Member of the Provincial Assembly of Khyber Pakhtunkhwa
- In office 29 May 2013 – 29 May 2018
- Constituency: Constituency PK-96 (Lower Dir-III)

Personal details
- Party: JIP (2025-present)
- Other political affiliations: JIP (2013-2025)

= Saeed Gul =

Pakistani politician

Saeed Gul is a Pakistani politician who had been a Member of the Provincial Assembly of Khyber Pakhtunkhwa, from May 2013 to May 2018. Previously he had been a member of the Provincial Assembly of the Provincial Assembly of Khyber Pakhtunkhwa from 2002 to 2007.

==Education==
He has a Master of Arts degree.

==Political career==
He was elected to the Provincial Assembly of the North-West Frontier Province as a candidate of Muttahida Majlis-e-Amal from Constituency PF-96 (Lower Dir-III) in the 2002 Pakistani general election.
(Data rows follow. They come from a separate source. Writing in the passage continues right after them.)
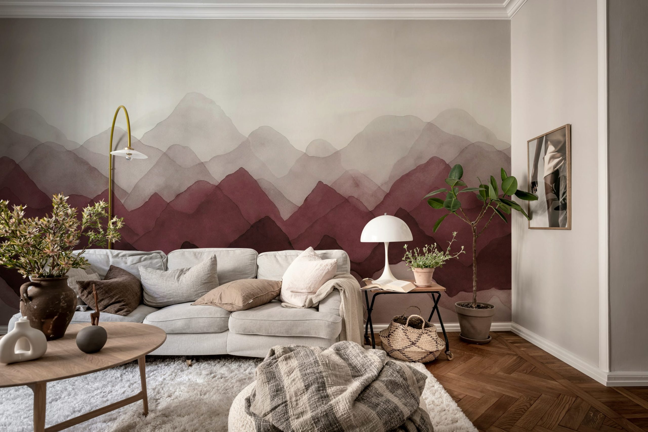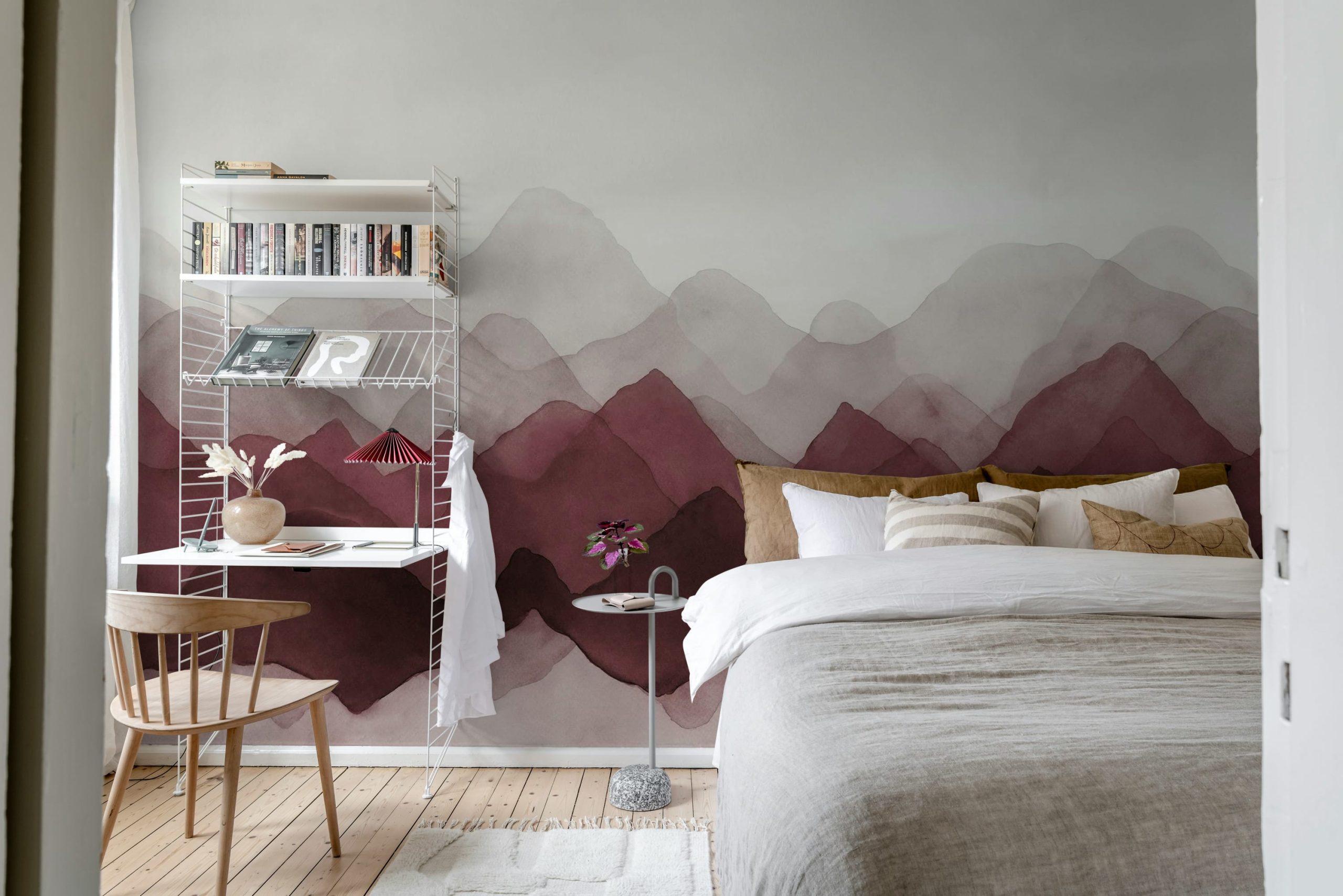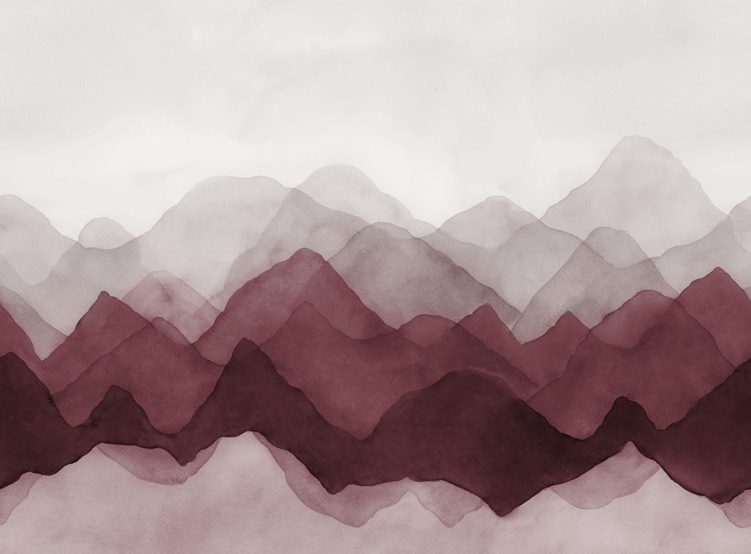 Home Tapet și Fototapet Watercolor Mountain, Burgundy, Rebel Walls
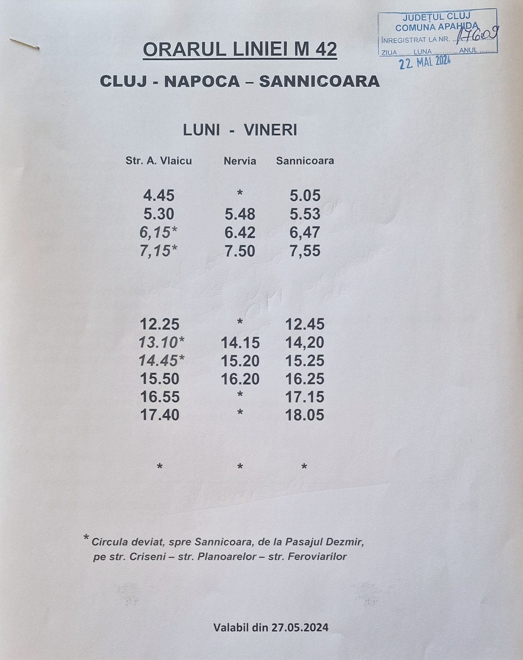 | 19.09.2025 | Elevii din comuna Apahida, înscriși în anul școlar 2025–2026 în unități de învățământ preuniversitar primar, gimnazial, liceal și postliceal acreditate/autorizate, beneficiază de gratuitate la transportul public local și metropolitan, pe tot parcursul anului școlar, în condițiile Legii nr. 198/2023. Totodată, și studenții cu domiciliul în comuna Apahida beneficiază de gratuitate la transportul public. |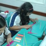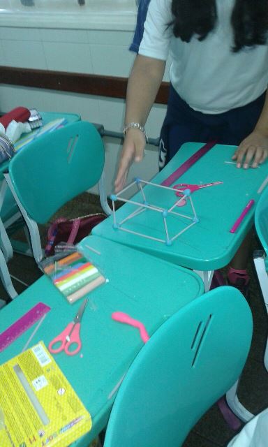A turma foi divida em duplas e juntos  produziram prismas e pirâmides.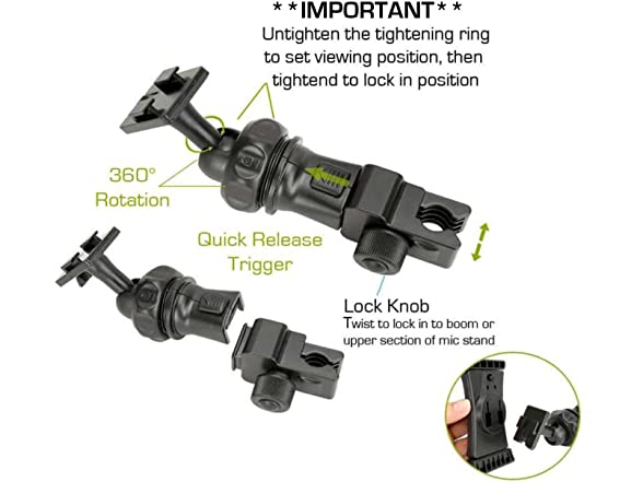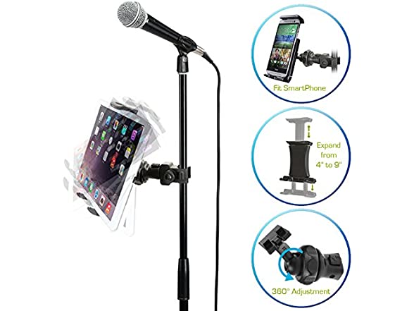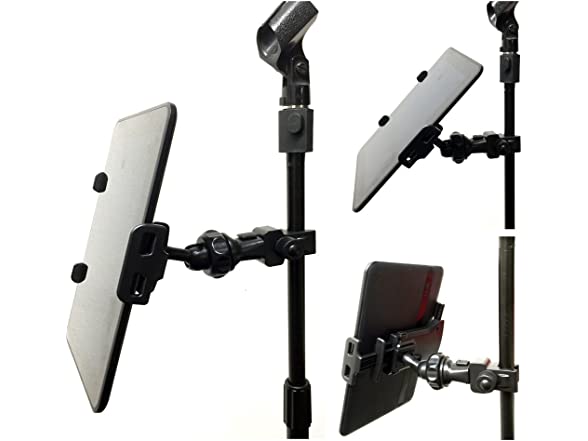 - Securely attaches to upper post of the microphone stand, cymbal stand, boom post or any pole up to 2cm/ 0.75 inch diameter (Mic Stand and Tablet are not included)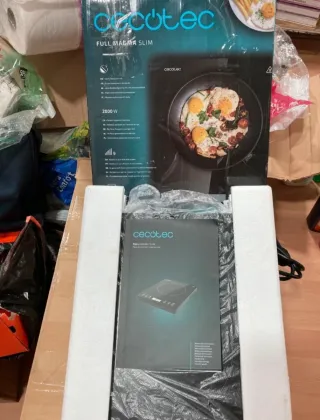Vendo 2 inducciones eléctricas y portátiles de la marca Cecotec, concretamente el modelo Full Crystal Onyx, de color negro y de 2000 Watios de potencia Están en perfecto estado y casi nuevas. Usadas en dos ocasiones. Vendo por no usar Compradas por capricho hace unos 3 años para un emprendimiento de cocina que no salió adelante Preferible venta presencial pero se aceptan envíos Se entregan juntos o separados con caja y contenido original Precio Individual: 35€ Precio Conjunto: 60€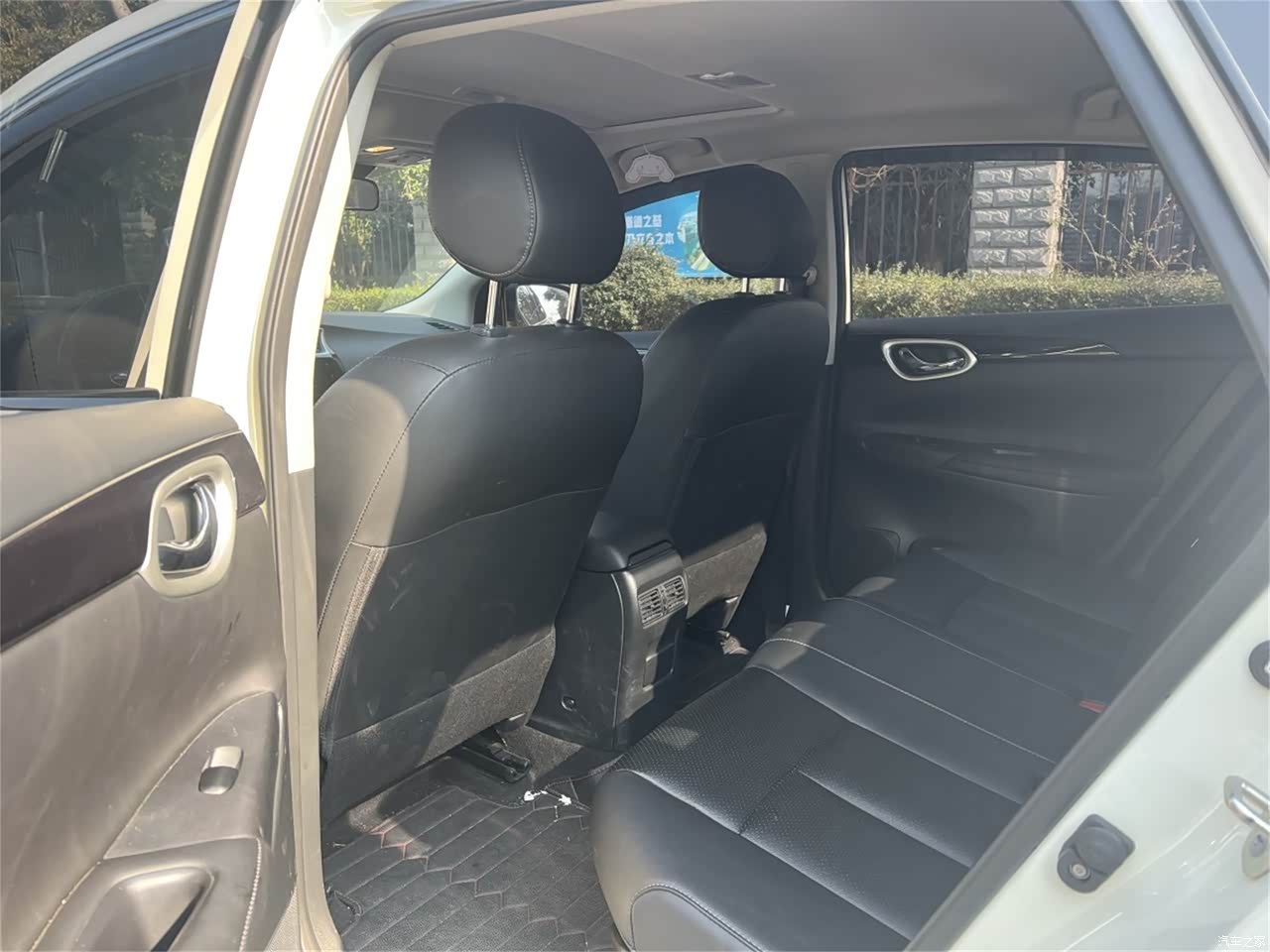 车内的空间还是非常宽敞的,毕竟轩逸主打的是舒适和家用。座椅软,前后排还都带中央扶手,后排中央扶手很宽,也很长,就是有点偏低,不过也还算可以,当然高点会更好。本人身高172,在后排翘着二郎腿都没问题,头顶的空间也足够。后备箱空间也很大,能放很多东西,不错不错!!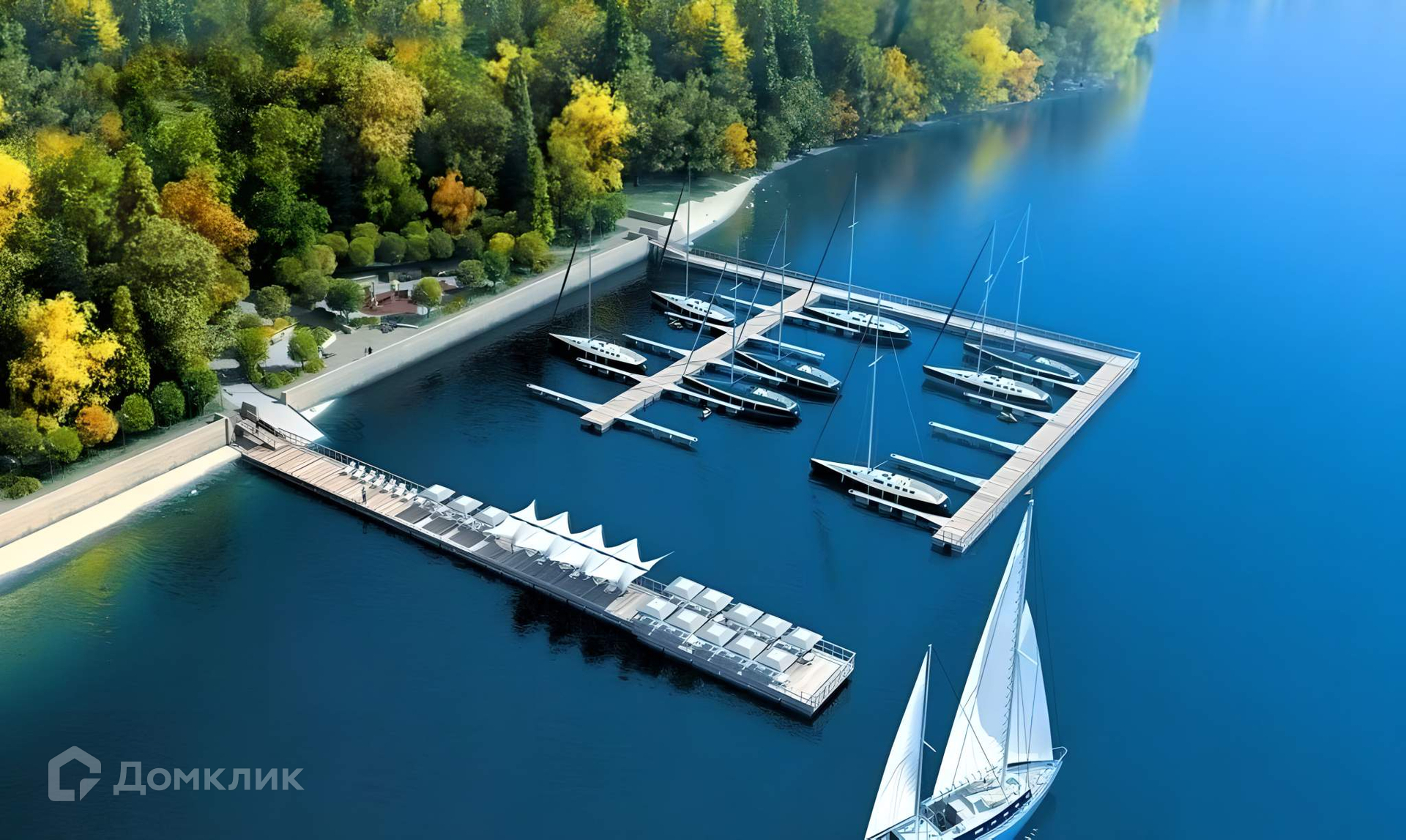 4. Премиальная инфраструктура:  причал для катеров и яхт, пляж, развлечения и спорт на воде, панорамный ресторан с видом на воду, теннисный корт, профессиональные силовые и кардио-тренажеры для занятий на свежем воздухе, детские игровые зоны для спорта и развлечений, парк с мощеными дорожками, качелями и гамаками, прогулочные пешеходные аллея и аромасады.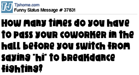 X How many times do you have to pass your coworker in the hall before you switch from saying "hi" to breakdance fighting?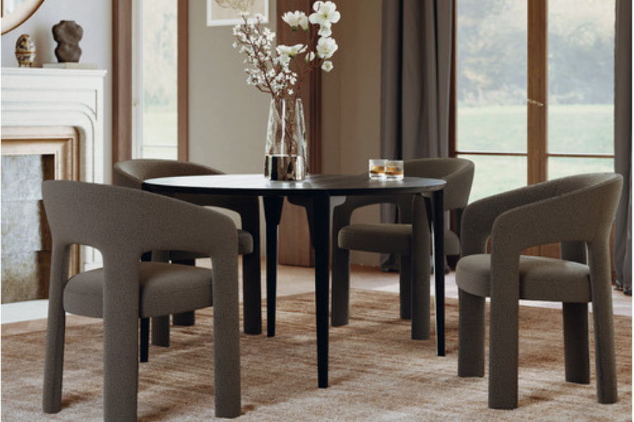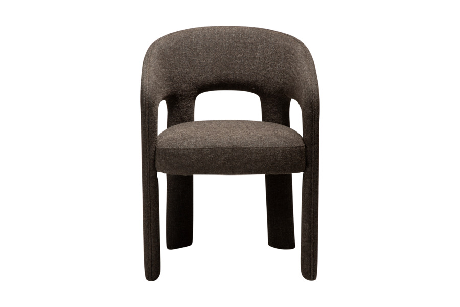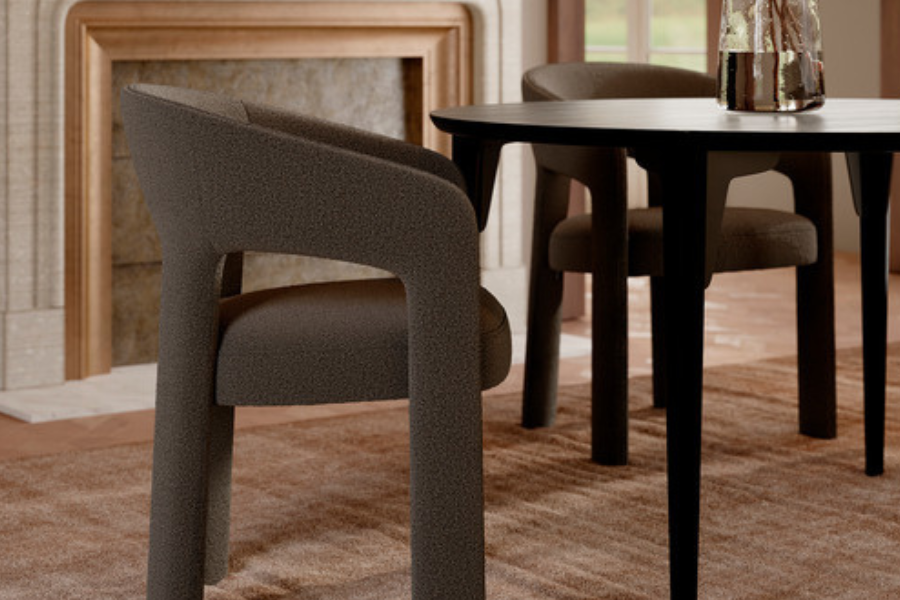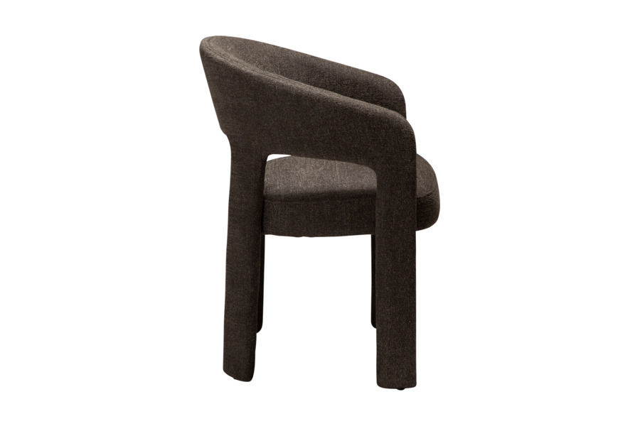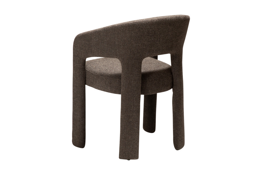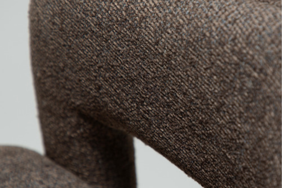 Η επένδυση από ύφασμα boucle σε απόχρωση raven black προσφέρει πλούσια υφή και κομψότητα, ενώ ενισχύει την αίσθηση πολυτέλειας. Το κάθισμα είναι ευρύχωρο και άνετο, με εργονομική πλάτη που αγκαλιάζει το σώμα, καθιστώντας την καρέκλα ιδανική για καθημερινή χρήση αλλά και για ιδιαίτερες περιστάσεις.

He received 10,326 votes and defeated a candidate of Pakistan Peoples Party (PPP).

He was re-elected to the Provincial Assembly of Khyber Pakhtunkhwa as a candidate of Jamaat-e-Islami Pakistan from Constituency PK-96 (Lower Dir-III) in the 2013 Pakistani general election. He received 14,193 votes and defeated a candidate of PPP.